A protocol for a cluster randomized trial comparing strategies for translating self-management support into primary care practices

W Perry Dickinson, L Miriam Dickinson, Bonnie T Jortberg, Danielle M Hessler, Douglas H Fernald, Lawrence Fisher, W Perry Dickinson, L Miriam Dickinson, Bonnie T Jortberg, Danielle M Hessler, Douglas H Fernald, Lawrence Fisher

Abstract

Background: Advanced primary care models emphasize patient-centered care, including self-management support (SMS), but the effective use of SMS for patients with type 2 diabetes (T2DM) remains a challenge. Interactive behavior-change technology (IBCT) can facilitate the adoption of SMS interventions. To meet the need for effective SMS intervention, we have developed Connection to Health (CTH), a comprehensive, evidence-based SMS program that enhances interactions between primary care clinicians and patients to resolve self-management problems and improve outcomes. Uptake and maintenance of programs such as CTH in primary care have been limited by the inability of practices to adapt and implement program components into their culture, patient flow, and work processes. Practice facilitation has been shown to be effective in helping practices make the changes required for optimal program implementation. The proposed research is designed to promote the translation of SMS into primary care practices for patients with T2DM by combining two promising lines of research, specifically, (a) testing the effectiveness of CTH in diverse primary-care practices, and (b) evaluating the impact of practice facilitation to enhance implementation of the intervention.

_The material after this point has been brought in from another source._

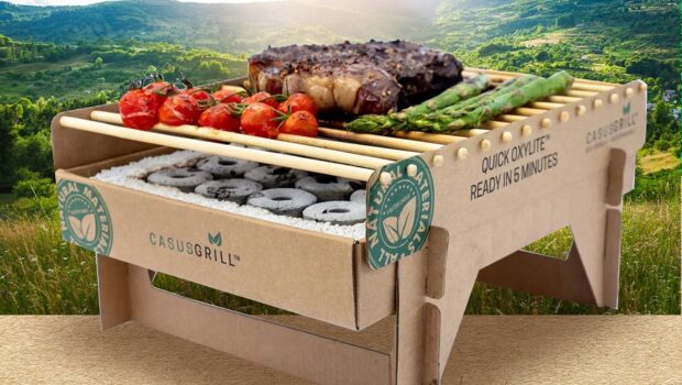 Los entusiastas de la cocina a la parrilla pueden mitigar los efectos del cambio climático mientras hacen sus asados utilizando CasusGrill. Se trata de una parrilla portátil, biodegradable y desechable, hecha de productos sostenibles como cartón, bambú y piedras volcánicas. La parrilla de un solo uso, es compacta y se monta en cuestión de minutos; pesa apenas dos libras e incluye el combustible necesario para alcanzar la temperatura adecuada (aproximadamente 375°F) para cocinar en sólo cinco minutos, manteniendo el calor durante una hora. CasusGrill está disponible en los supermercados Pueblo, Supermax y Mr.Special.
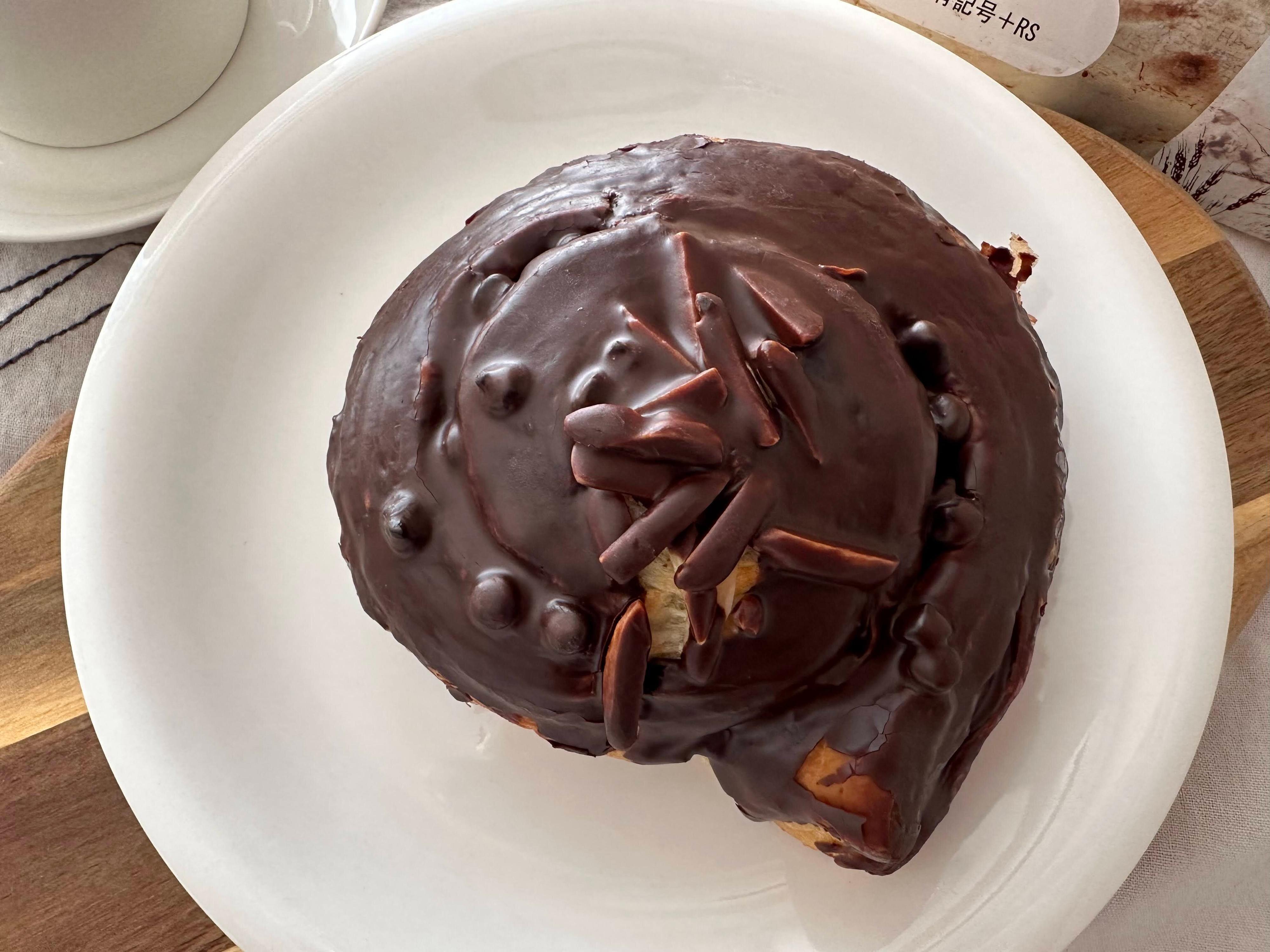 渦巻き状のデニッシュにはたっぷりとチョコレートがコーティングされています。チョコレートに隠れていますが、デニッシュのトップにはアーモンドもトッピングされており、ボリュームたっぷりのビジュアルはとにかく圧巻…!

Methods: A three-arm, cluster-randomized trial will evaluate three discrete strategies for implementing SMS for patients with T2DM in diverse primary care practices. Practices will be randomly assigned to receive and implement the CTH program, the CTH program plus practice facilitation, or a SMS academic detailing educational intervention. Through this design, we will compare the effectiveness, adoption and implementation of these three SMS practice implementation strategies. Primary effectiveness outcomes including lab values and evidence of SMS will be abstracted from medical records covering baseline through 18 months post-baseline. Data from CTH assessments and action plans completed by patients enrolled in CTH will be used to evaluate practice implementation of CTH and the impact of CTH participation. Qualitative data including field notes from encounters with the practices and interviews of practice personnel will be analyzed to assess practice implementation of SMS.

Discussion: This study will provide important information on the implementation of SMS in primary care, the effectiveness of an IBCT tool such as CTH, and the use of practice facilitation to assist implementation.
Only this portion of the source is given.